Vallortigara Giorgio, Pagni Piero, Sovrano Valeria Anna
University of Trieste, Trieste, Italy.
J Cogn Neurosci. 2004 Apr;16(3):390-400. doi: 10.1162/089892904322926737.
Research has proved that disoriented children and nonhuman animals can reorient themselves using geometric and nongeometric features of the environment, showing conjoined use of both types of information to different degree depending on species and developmental level. Little is known of the neurobiological bases of these spatial reorientation processes. Here we take advantage of the neuroanatomical peculiarities of the visual system of birds (showing segregation of information between the two sides of the brain to a considerable degree) to investigate the way in which geometric and nongeometric information is encoded and used by the left and right hemispheres. Domestic chicks were trained binocularly in an environment with a distinctive geometry (a rectangular cage) with panels at the corners providing nongeometric cues. Between trials, chicks were passively disoriented to disable dead reckoning. When tested after removal of the panels, left-eyed chicks, but not right-eyed chicks, reoriented using the residual information provided by the geometry of the cage. When tested after removal of geometric information (i.e., in a square-shaped cage), both right- and left-eyed chicks reoriented using the residual nongeometric information provided by the panels. When trained binocularly with only geometric information, at test, left-eyed chicks reoriented better than right-eyed chicks. Finally, when geometric and nongeometric cues provided contradictory information, left-eyed chicks showed more reliance on geometric cues, whereas right-eyed chicks showed more reliance on nongeometric cues. The results suggest separate mechanisms for dealing with spatial reorientation problems, with the right hemisphere taking charge of large-scale geometry of the environment and with both hemispheres taking charge of local, nongeometric cues when available in isolation, but with a predominance of the left hemisphere when competition between geometric and non-geometric information occurs.

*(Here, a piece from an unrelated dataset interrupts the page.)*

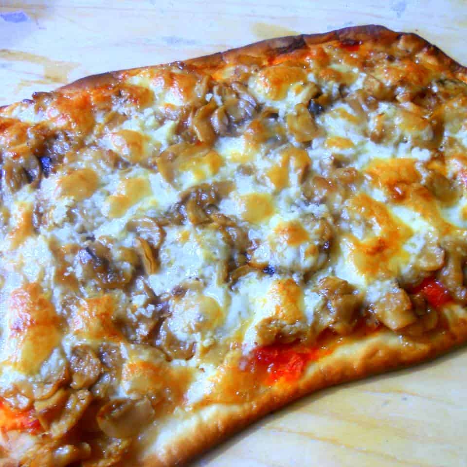 Distribuimos sobre la pizza la muzzarella, por encima los champiñones y el gruyere.

研究已经证明,迷失方向的儿童和非人类动物可以利用环境的几何和非几何特征重新定位自己,根据物种和发育水平不同程度地联合使用这两种信息。对于这些空间重新定位过程的神经生物学基础知之甚少。在这里,我们利用鸟类视觉系统的神经解剖学特性(大脑两侧的信息在很大程度上是分离的)来研究左右半球对几何和非几何信息的编码和使用方式。将家鸡在一个具有独特几何形状(矩形笼子)的环境中进行双眼训练,笼子的角落有面板提供非几何线索。在试验之间,让小鸡被动迷失方向以禁用航位推算。当移除面板后进行测试时,左眼的小鸡,但不是右眼的小鸡,利用笼子的几何形状提供的剩余信息重新定位。当移除几何信息后进行测试时(即在正方形笼子中),右眼和左眼的小鸡都利用面板提供的剩余非几何信息重新定位。当仅用几何信息进行双眼训练时,在测试中,左眼的小鸡比右眼的小鸡重新定位得更好。最后,当几何和非几何线索提供相互矛盾的信息时,左眼的小鸡表现出更多地依赖几何线索,而右眼的小鸡表现出更多地依赖非几何线索。结果表明,处理空间重新定位问题有不同的机制,右半球负责环境的大规模几何形状,当非几何线索单独可用时,两个半球都负责局部非几何线索,但当几何和非几何信息之间发生竞争时,左半球占主导地位。